The Order, however, was "intended only to improve the internal management
of the executive branch"; by its own words, the order "shall not be construed to

create any right to judicial review." Id. 6-609, 59 Fed. Reg. at 7632-33. We
therefore cannot review the permit on this basis. See Morongo Band of Mission
Indians v. FAA, 161 F.3d 569, 575 (9th Cir. 1998); see also Air Trans. Ass'n of
Am. v. FAA, 169 F.3d 1, 8-9 (D.C. Cir. 1999).
17

We have considered SURCCo's other arguments, as well, and conclude that


they are without merit.
IV.

18

While the residents of Guayama may, indeed, have valid concerns about the air
quality in their municipality, and in particular in Jobos, SURCCo's petition
presents no basis to conclude that Region II's grant of a PSD permit to AES was
arbitrary or capricious. As this court said in Pan American Grain Manufacturing
Co., "[i]n each instance the EPA presented reasoned explanations...
notwithstanding petitioner's objections. Moreover, petitioner's criticisms...
involve areas in which EPA's expertise is heavily implicated, and we may not
substitute our judgment for that of the Administrator." Pan Am. Grain, 95 F.3d
at 105 (internal quotation marks and citations omitted). SURCCo's concerns,
insofar as they relate to Guayama's attainment designation, Puerto Rico's State
Implementation Plan, emissions from other facilities in the area, or other
matters, do not effect the validity of the permit and should be presented in other
fora. SURCCo's involvement was nonetheless of value to its objectives. That
the permit issued here is particularly stringent may be due in large part to the
participation of the area residents.

19

Petition denied.

NOTES:
1

The PSD permit program constitutes part of a state's State Implementation Plan
(SIP), which is the program designed to attain and maintain the National
Ambient Air Quality Standards within each state. Since the EPA has found that
Puerto Rico's SIP does not meet the Clean Air Act's PSD requirements, the
federal PSD plan has been incorporated into Puerto Rico's SIP. See 40 C.F.R.
52.2729 (finding that Puerto Rico's SIP "does not include approvable
procedures for preventing the significant deterioration of air quality" and
incorporating the federal plan); see also 40 C.F.R. 52.21(b)-(w) (federal PSD
plan).

Guayama has been designated by the EPA as an "attainment" area for sulfur
dioxide and an "unclassifiable" area for fine particulate matter. See 40 C.F.R.
81.355.

The Manual, while not binding on the agency, represents the EPA's views on
technical issues; accordingly, the Regions give it weight in their decisions.

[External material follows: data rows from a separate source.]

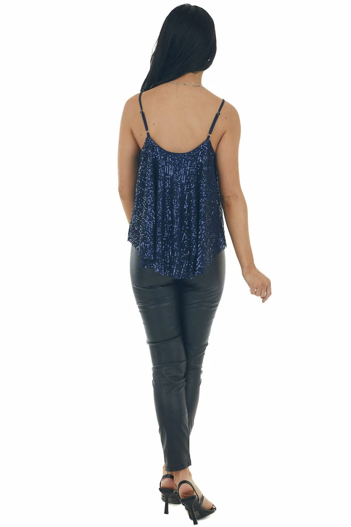 - Navy Blue Spaghetti Strap Knit Sequin Cami Top
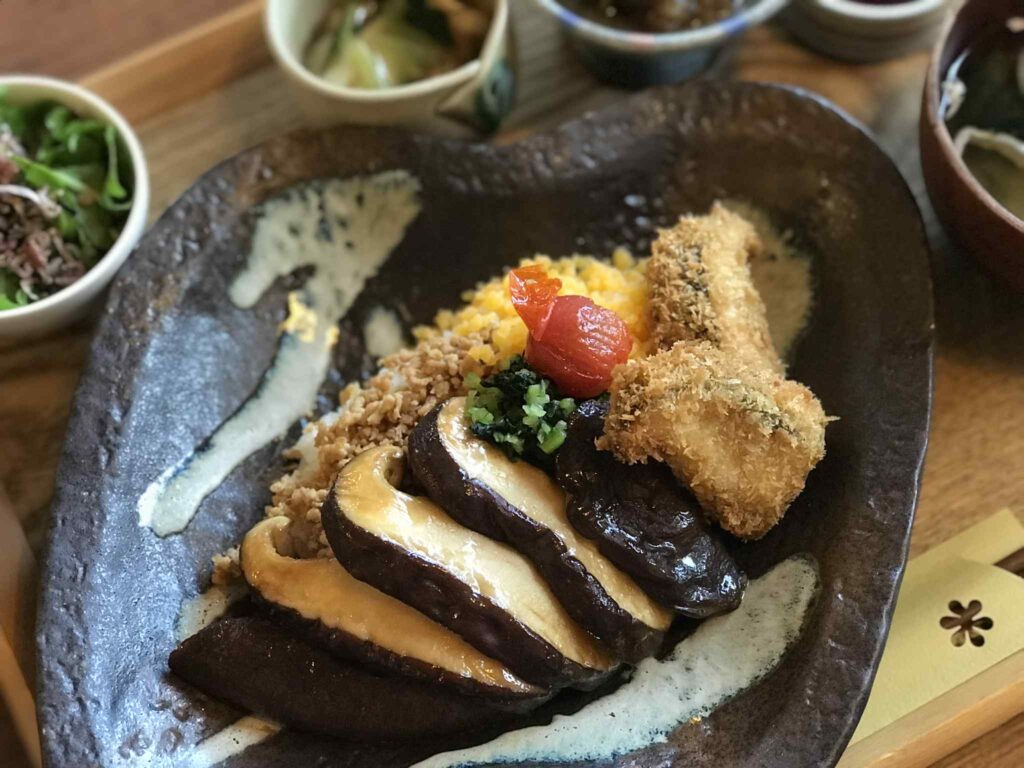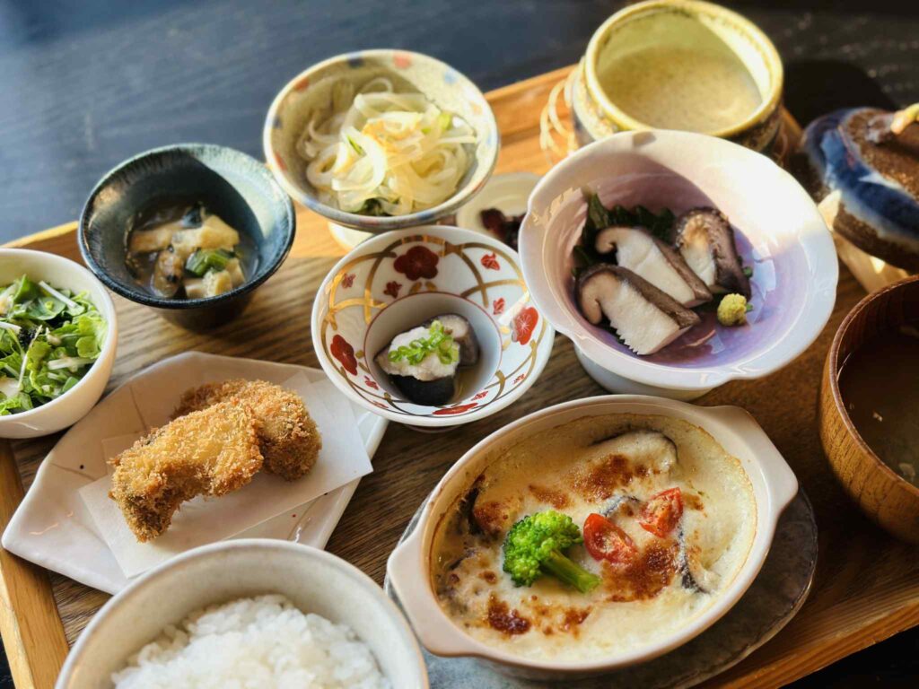 岡部丼にもあるしいたけのフライをはじめ、しいたけのすりながしの茶わん蒸し、煮つけの山掛け、グラタン、お刺身としいたけ尽くしのごちそう定食!!
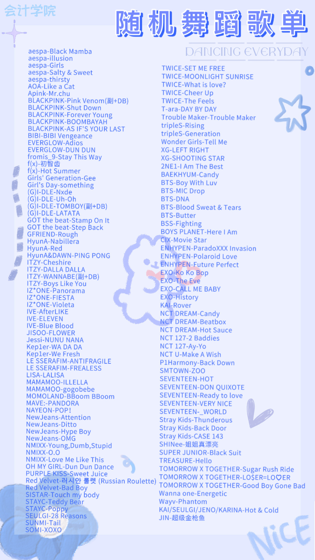 为丰富学生课余生活,增强大学生身体健康,培养积极向上的运动精神,并提供给同学们一个展现自身才华的舞台,会计学院将于4月14日18:00在华夏运动场(雨天改为排球场)举办随机舞蹈活动,本次活动由会计学院文体部主办。
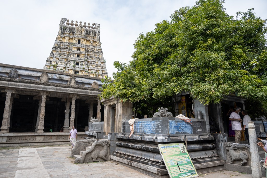 Our first stop in Kanchipuram was the Sri Ekambaranathar Temple. This temple is dedicated to Lord Shiva and has a huge 57-meter-high tower at the entrance. Inside, there’s a large courtyard with a 3,500-year-old mango tree, said to have four branches representing the four Vedas. It’s one of the largest temples in the city, and walking through it gives you a real sense of the history and size of Kanchipuram.
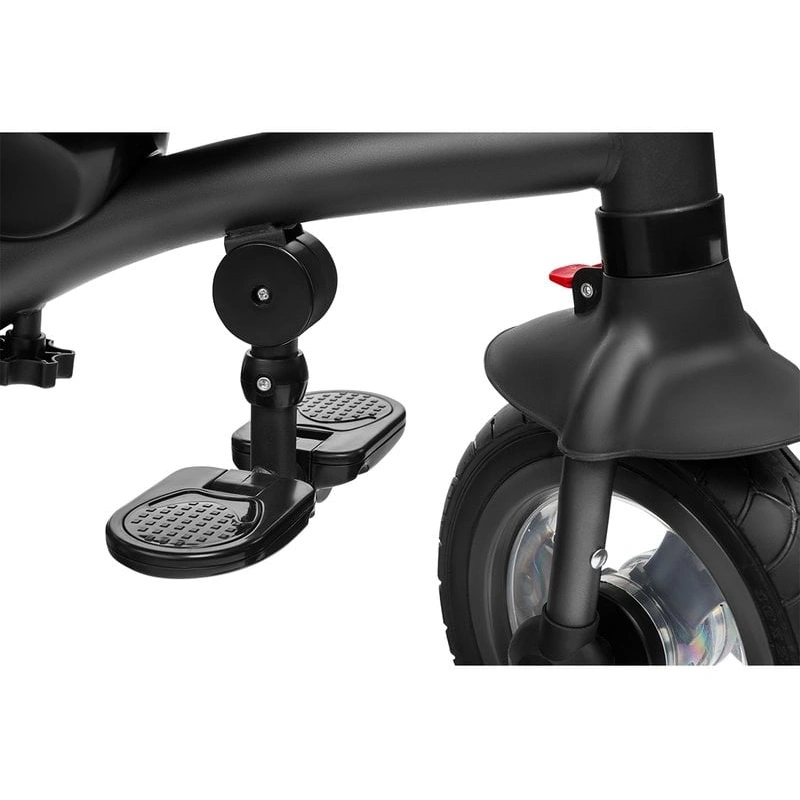 Rotile usoare ale modelului Tris, realizate din material PU de inalta calitate , asigura o aderenta excelenta si o absorbtie a socurilor. Deasupra rotii din fata exista un capac care protejeaza picioarele copilului si, de asemenea, actioneaza ca o aripa. Vehiculul are o capotina cu plasa integrata, care, la fel ca suportul pentru picioare si bara de protectie, poate fi usor demontat.

Two days before oral argument, the EPA notified the court and the other parties
of the results of two post-permit modeling analyses conducted by AES. The
first analysis was based on maximum permitted emission limits of all sources in
the area and the second was based on actual emissions from those sources
during a two-year period. The first analysis indicated that, if the sources
operated at maximum permitted sulfur content, there would be a violation of
the Standards. The second analysis indicated no violations of the Standards.
The EPA says that it will work with the Puerto Rico Environmental Quality
Board to revise the Commonwealth's State Implementation Plan in order to
lower the allowable emissions limits of existing sources. If the Board fails to
cooperate in the Plan's revision, the EPA has the authority to require it to do so.
See 42 U.S.C. 7410(k)(5). The analyses have no effect on the permit decision
at issue here since the modeled sulfur dioxide emissions from the proposed
plant are not significant. See 40 C.F.R. 51.165(b)(2).

"Denial of the petition for review" is the term of art under the regulations, but
the term is a bit misleading. In fact, the Environmental Appeals Board does
consider the arguments made and, in that sense, does review the Region's
action.

SURCCo's claim that the Agency acted arbitrarily when it deleted the clause
"impacting AES-PRCP's Significant Impact Area" from the permit also fails
because, as the EPA notes, that language was unnecessary since the EPA
determined that the plant would have no "significant impact."